Little made his T20I debut against Hong Kong in September and, on a day when more senior pacers took some tap from the visiting line-up, the young bowler had a respectable economy rate of 6.25 despite going wicketless in his four overs to finish with 0 for 25. He's still developing and might continue to add more pace, making him a tantalising prospect.
The 21-year-old athletic talent is returning to the country where he captained Namibia at the 2014 Under-19 World Cup. He has been groomed for a future leadership role since his men's national team debut at age 16 against Ireland in 2011 but it has taken him some time to adjust to senior-level cricket.
He took a major step forward, though, against KwaZulu-Natal Inland in November, striking a career-best 192 in South Africa's first-class provincial competition. When he is flowing, Erasmus can play some silky strokes. He has yet to truly fire in T20 cricket, but it is only a matter of time before he translates the promise he showed at junior level into some big scores.

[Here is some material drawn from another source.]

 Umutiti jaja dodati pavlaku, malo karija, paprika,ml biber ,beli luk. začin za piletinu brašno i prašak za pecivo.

Most people mean it figuratively when they say they grew up with cricket all around them. Kingma says it literally. His family loves cricket so much they bought a house adjacent to the Voorburg Cricket Club on the outskirts of The Hague. That passion comes through the 22-year-old, who bowls in the 130 kph range and can be a feisty competitor with the ball in his hand.

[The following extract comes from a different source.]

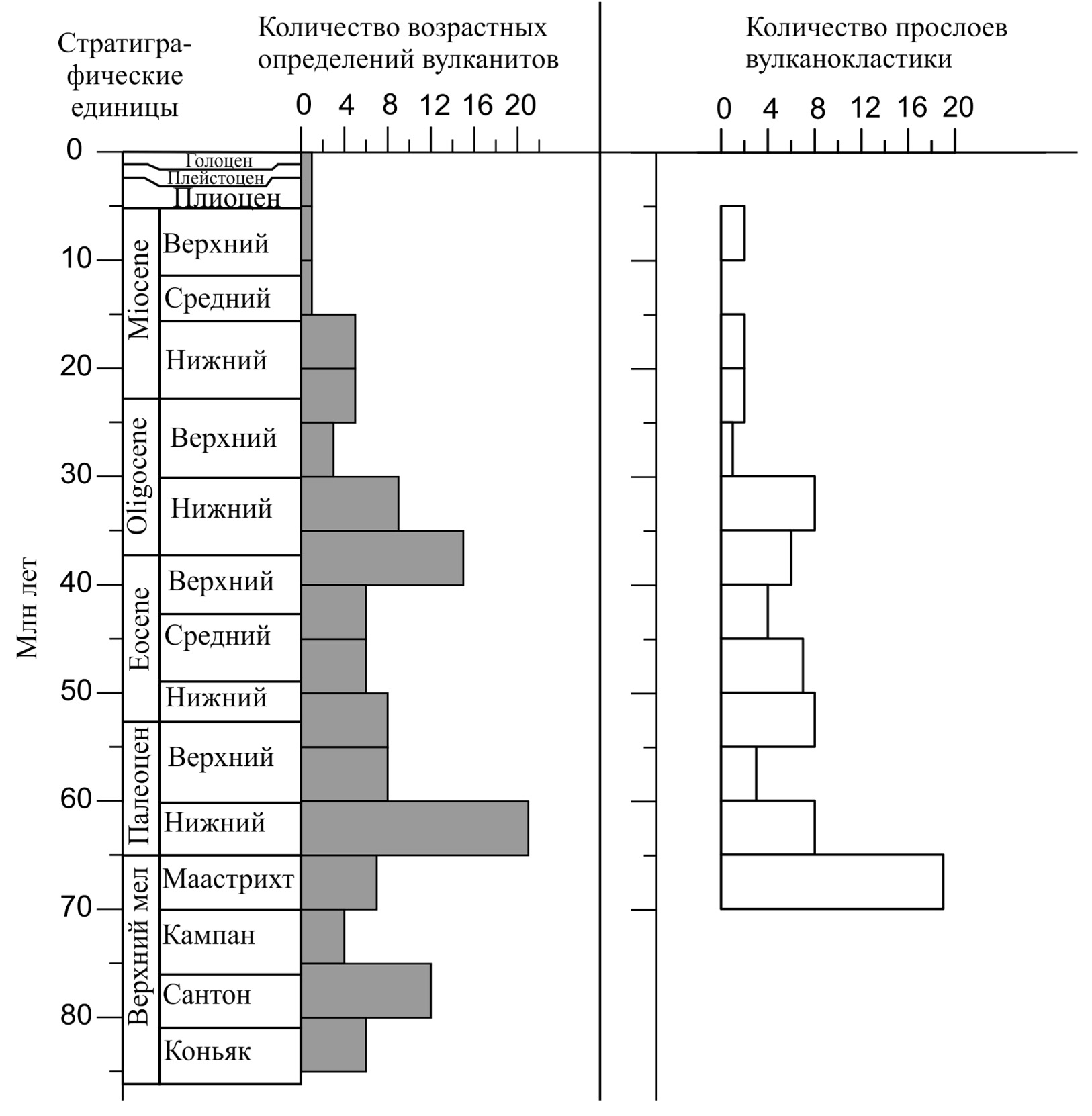Всего опубликовано свыше 200 результатов химических анализов, и их основная часть была использована в статье. Также приводится оценка эруптивной вулканической активности Китового хребта на основе подсчетов прослоев пепла в кернах глубоководных скважин [2, 27–32, 41–44, 54–59], возраст слоев рассчитывался по скорости накопления осадков с использованием биостратиграфических данных, геомагнитных маркеров и по возрасту вулканитов хребта, который определялся К–Ar и Ar–Ar методами.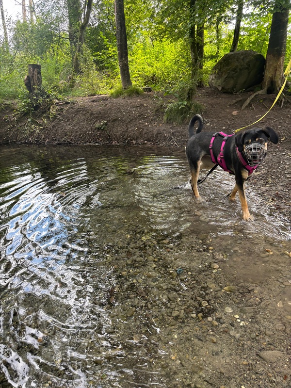 Hat sie Vertrauen gefasst, zeigt sich Bella verspielt, neugierig und voller jugendlicher Energie. Sie liebt gemütliche Spaziergänge, plantscht begeistert im Wasser und probiert gerne neue Dinge aus, sei es eine Leckerli-Suche oder das Balancieren über Baumstämme.

Kingma had been waiting patiently behind Mudassar Bukhari in the Dutch medium-pace queue for the last few years, getting limited opportunities to showcase his skillset in the Intercontinental Cup and the WCL Championship; up to this point he has played only two T20s. Bukhari's partial retirement and non-selection for this tour may provide the opening Kingma needs to show he can be a performer in all formats for Netherlands.
An opening batsman, Poulose migrated from Kerala to Oman and qualified on residency to play for his new home in late 2016. He made his debut against UAE and top-scored with 47 in his third match to give Oman a 72-run win, prior to the WCL Division Four in Los Angeles.
Although he didn't make many scores during Oman's stay in Los Angeles, his best was 42 off 27 balls against Italy, a sign that he may be more suited to T20 cricket. While other poor performers at Division Four were axed at selection time, coach Duleep Mendis has kept faith with Poulose for this event, where he has the capacity to form a dangerous opening combination with Zeeshan Maqsood.
The 26-year-old was included in Scotland's squad for the 2015 World T20 Qualifier but never played and wound up being left out of the side that went to India last March. However, he reemerged during the home summer in ODIs against Afghanistan, UAE and Hong Kong as a potential x-factor in the batting order.
Wallace's audaciousness may be best summed up by the fact that he's the only player at this tournament who might walk out to open the batting and attempt to reverse sweep a fast bowler off the first ball of the match. His innings are brisk and bold. Anyone attending would be unwise to step away while Wallace is batting because something crazy is always on the cards with him at the crease.
It has been a rough 18 months for the host side since the retirement of their do-everything captain Khurram Khan. However, one of the bright spots during this lean stretch has been the emergence of the left-handed batsman Usman. He has performed well in different conditions since making his UAE debut at the end of 2015.
Most importantly, Usman's contributions have helped take pressure off Shaiman Anwar in the middle order, in turn helping Shaiman back into form. If Usman can remain a consistent threat, UAE may find themselves having a resurgence that could be good enough to help them retain ODI and T20I status beyond the 2018 World Cup Qualifier.